Rapid industrialization also becomes focalized in the rich archive of the case history, which increasingly details railway and factory accidents. Such reports record a growing interest in occupational medicine, in which labor defines the body in new ways. The case history also revisits the vexed question of class, in physicians' reports of how environment shapes the body. Older medical concerns about the decadence of the idle rich and the privations of the poor gained scientific status with the use of statistics. The case became the basic unit grounding public health initiatives once investigators like John Snow began tracking clusters of cases to understand the geography and, eventually, the etiology of diseases like cholera. I am interested in mapping what happens in medicine and fiction when narrative turns the attention from the individual to the aggregate in this way - in particular, how this allows the narrator's voice to negotiate a new kind of authority.
Finally, the history of case histories also allows us to track the developments in Victorian arguments over gender, sexuality, and race. From debates over man-midwives and chloroform for childbirth, to nursing reports from the Crimean War, and from Weir Mitchell's hysterics to Havelock Ellis's inverts, the case history offers a newly authoritative unit of knowledge from which Victorian culture attempts to construct certainty on contested questions of gender and sexual identity. In Tom Brown's Schooldays and Oakfield , as I argue in a paper I'm giving this fall, the physical weakness sanctioned by illness provides a narrative occasion for resolving the anxiety surrounding masculine responsibilities and friendships in the British empire. Similarly, the case history contains and mediates vexing questions of empire by providing a textual site for medicalizing racial and cultural differences.

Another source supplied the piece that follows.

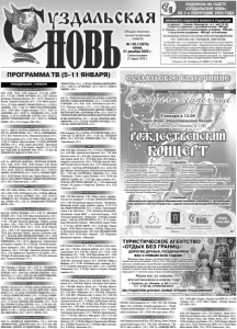 ПРОГРАММА ТВ общественноJ политическая газета УЗДАЛЬСКАЯ 2 № 102 (12675) среда, 31 декабря 2025 г. ВТОРНИК, 6 ЯНВАРЯ ПЕРВЫЙ КАНАЛ 6:00, 10:00, 12:00, 18:00 «Новости». 6:10 Х/ф «КОВЧЕГ» (12+). 7:20 Х/ф «КОРОЛЕВСТВО КРИВЫХ ЗЕРКАЛ» (0+). 8:50 «Золотая коллекция Союзмультфильма» (0+). 10:15 Д/ф «Чудо Николая Чудотворца» (0+). 11:05 «Вспомнить всё» (12+). 12:15 Х/ф «ОГОНЬ, ВОДА И... МЕДНЫЕ ТРУБЫ» (0+). 13:50 Т/с «ЗНАХАРЬ» (16+). 15:55 Т/с «ТАКСИ ПОД ПРИКРЫТИЕМ» (16+). 18:20 «Веst «Угадай мелодию» (12+). 19:00 Т/с «КАЗАНОВА» (16+). 20:00, 21:35 «Сегодня вечером» (16+). 21:00 «Время». 23:00 «Рождество Христово. Трансляция из Храма Христа Спасителя». 1:15 «Подкаст. Лаб» (16+). РОССИЯ 4:30 Т/с «МЕСТО ВСТРЕЧИ ИЗМЕНИТЬ НЕЛЬЗЯ» (16+). 5:45 Т/с «ЧЁРНАЯ КОШКА» (12+). 7:40 Т/с «ЛИКВИДАЦИЯ» (16+). 9:25 «Утренняя почта с Николаем Басковым» (12+). 10:10 «Сто к одному» (0+). 11:00, 14:00, 17:00, 20:00 Вести. 11:50, 20:50 Вести. «Местное время». 12:10 Х/ф «ЗОЛОТАЯ НЕВЕСТА» (12+). 14:50 «Новая волна-2025». Праздничный концерт (12+). 17:50 «Песни от всей души» (12+). 21:00 Х/ф «МУЖУ ПРИВЕТ» (16+). 23:00 Рождество Христово. Прямая трансляция торжественного Рождественского богослужения. 1:15 Х/ф «СЕМЕЙНОЕ СЧАСТЬЕ» (12+). 2:55 Х/ф «РОДНАЯ КРОВИНОЧКА» (12+). НТВ 4:35, 8:20 Т/с «МОРСКИЕ ДЬЯВОЛЫ. ПОЛЯРНЫЙ КОНВОЙ» (16+). 8:00, 10:00, 16:00, 19:00 Сегодня. 8:30 «Рождественская песенка года» (0+). 10:20 Т/с «ДИНОЗАВР» (16+). 16:20 Т/с «МУХТАР. ОН ВЕРНУЛСЯ» (16+). 19:30 Т/с «ПЕРВЫЙ ОТДЕЛ» (16+). 23:45 Х/ф «НАСТОЯТЕЛЬ» (16+). 1:45 Т/с «ПЯТЬ МИНУТ ТИШИНЫ. СИМБИРСКИЕ МОРОЗЫ» (12+). РЕН ТВ 5:00, 4:50 «Тайны Чапман» (16+). 6:00 «С бодрым утром!» (16+). 8:30, 12:30, 19:30 Новости (16+). 8:45 Х/ф «ХОТТАБЫЧ» (16+). 10:25 Х/ф «ОСОБЕННОСТИ НАЦИОНАЛЬНОЙ ОХОТЫ» (16+). 12:20, 12:45 Х/ф «ОСОБЕННОСТИ НАЦИОНАЛЬНОЙ РЫБАЛКИ» (16+). 14:30 Х/ф «ПАРЕНЬ С НАШЕГО КЛАДБИЩА» (12+). 16:20 Х/ф «ЗЛОЙ ГОРОД» (12+). 19:45 Х/ф «БАЛКАНСКИЙ РУБЕЖ» (16+). 22:40 Х/ф «КРАСНЫЙ ШЕЛК» (16+). 1:30 Т/с «БАНДИТСКИЙ ПЕТЕРБУРГ: БАРОН» (16+). 3:10 Т/с «БАНДИТСКИЙ ПЕТЕРБУРГ: АДВОКАТ» (16+). ТВ ЦЕНТР 6:35 Х/ф «ПАРИЖАНКА» (12+). 8:20 Т/с «ЖЕНСКАЯ ЛОГИКА» (16+). 10:25, 5:40 «Наша смешная жизнь» (16+). 11:15 «Анекдот-клуб «Нехмурые люди» (16+). 11:50, 3:25 Д/ф «Александра Пахмутова. Ты моя мелодия..» (16+). 12:35 Т/с «СЕЛЬСКИЙ ДЕТЕКТИВ. ЛОВУШКА ДЛЯ МЕРТВЕЦА» (12+). 14:30, 22:00 События (16+). 14:45, 6:15 «Новогодний смехомарафон» (12+). 15:40, 4:05 Д/ф «Карцев, Ильченко, Жванецкий. Жизнь на троих» (16+). 16:30 Х/ф «ВМЕСТЕ С ВЕРОЙ» (12+). 18:35 Х/ф «ОДНА ТЕНЬ НА ДВОИХ» (16+). 22:15 Д/с «Актерские игры» (16+). 23:40 Д/ф «Русские тайны. Загадка Богородицы» (16+). 0:20 Д/ф «Земная жизнь Богородицы» (12+). 1:00 Д/ф «Земная жизнь Иисуса Христа» (16+). 1:50 Х/ф «ЯНТАРНЫЕ КРЫЛЬЯ» (12+). 4:45 Д/ф «Георг Отс. Публика ждёт..» (16+). ТНТ 5:50, 3:35 «Однажды в России» (16+). 9:15 Т/с «ПРАЗДНИКИ» (16+). 14:25 Х/ф «САМОИРОНИЯ СУДЬБЫ» (16+). 16:00 Х/ф «НЕБРИЛЛИАНТОВАЯ РУКА» (16+). 19:00 Х/ф «ИВАН ВАСИЛЬЕВИЧ МЕНЯЕТ ВСЕ» (16+). 21:20 Х/ф «НЕВЕРОЯТНЫЕ ПРИКЛЮЧЕНИЯ ШУРИКА» (16+). 0:15 Х/ф «1+1» (18+). 2:05 Х/ф «СПАСТИ САНТУ» (12+). СТС 6:00 М/с «Три кота» (0+). 6:25 М/с «Детектив Финник» (0+). 7:40 М/ф «Домовые ждут Новый год» (0+). 7:45 М/ф «Зверокрекеры» (6+). 9:45 Х/ф «ВЕДЬМА ЛИЛЛИ И ЗАКОЛДОВАННОЕ РОЖДЕСТВО» (12+). 11:45 Х/ф «ПРИКЛЮЧЕНИЯ ТЕДДИ» (6+). 13:10 Х/ф «ПРИКЛЮЧЕНИЯ ПАДДИНГТОНА» (6+). 15:05 Х/ф «ПРИКЛЮЧЕНИЯ ПАДДИНГТОНА 2» (6+). 17:15 Х/ф «ПРИКЛЮЧЕНИЯ ПАДДИНГТОНА 3» (6+). 19:20 Х/ф «ДЕВЯТЬ ЖИЗНЕЙ» (16+). 21:00 Х/ф «2+1» (16+). 23:20 Х/ф «КРАСАВИЦА И ЧУДОВИЩЕ» (16+). 1:20 Х/ф «РОЖДЕСТВЕНСКОЕ МЕНЮ» (12+). 2:45 Х/ф «ОДНИ ДОМА» (16+). 4:00 Т/с «КУХНЯ» (16+). ПЕТЕРБУРГ 5 КАНАЛ 5:00 Т/с «ГАЛКА И ГАМАЮН» (16+). 8:55 Т/с «НАСТОЯЩИЙ» (16+). 0:20 Т/с «МАМА-ДЕТЕКТИВ» (12+). 3:55 Х/ф «ПРИКЛЮЧЕНИЯ БУРАТИНО» (0+). ЗВЕЗДА 5:20 Т/с «ПРИКЛЮЧЕНИЯ ШЕРЛОКА ХОЛМСА И ДОКТОРА ВАТСОНА. СОКРОВИЩА АГРЫ» (12+). 7:45, 9:15 Х/ф «НЕБЕ

And, as I show in the Dickens talk I gave last year, a revised version of which is currently under review as a book article, case histories chronicle the birth of a professional imperial medicine and a growing fascination with exotic, "grotesque" diseases such as elephantiasis, hydroceles (scrotal tumors), and morbid obesity, thus locating British concerns over excessive growth and the security of national borders.
Overall, my current work on Victorian literature and the case history reflects my conviction that the case history, as a genre, provided Victorians with a powerful narrative instrument for the analysis and management of their world. Indeed, individual case histories, read closely and as a corollary to literary texts, help clarify some of the most significant questions agitating British Victorian culture. My next project will read Victorian literary and medical texts to examine how "excess sensibility" serves as a catchall diagnosis to contain cultural anxieties and reinforce stable categories of the body, in the midst of volatile debates over English identity and pervasive concerns over the borders of British culture. I anticipate that my future work on the Victorian novel will consider scientific ideologies more generally, but I will continue to focus on how novels engage with scientific narrative methodologies as a means of achieving literary and aesthetic, as well as cultural, goals.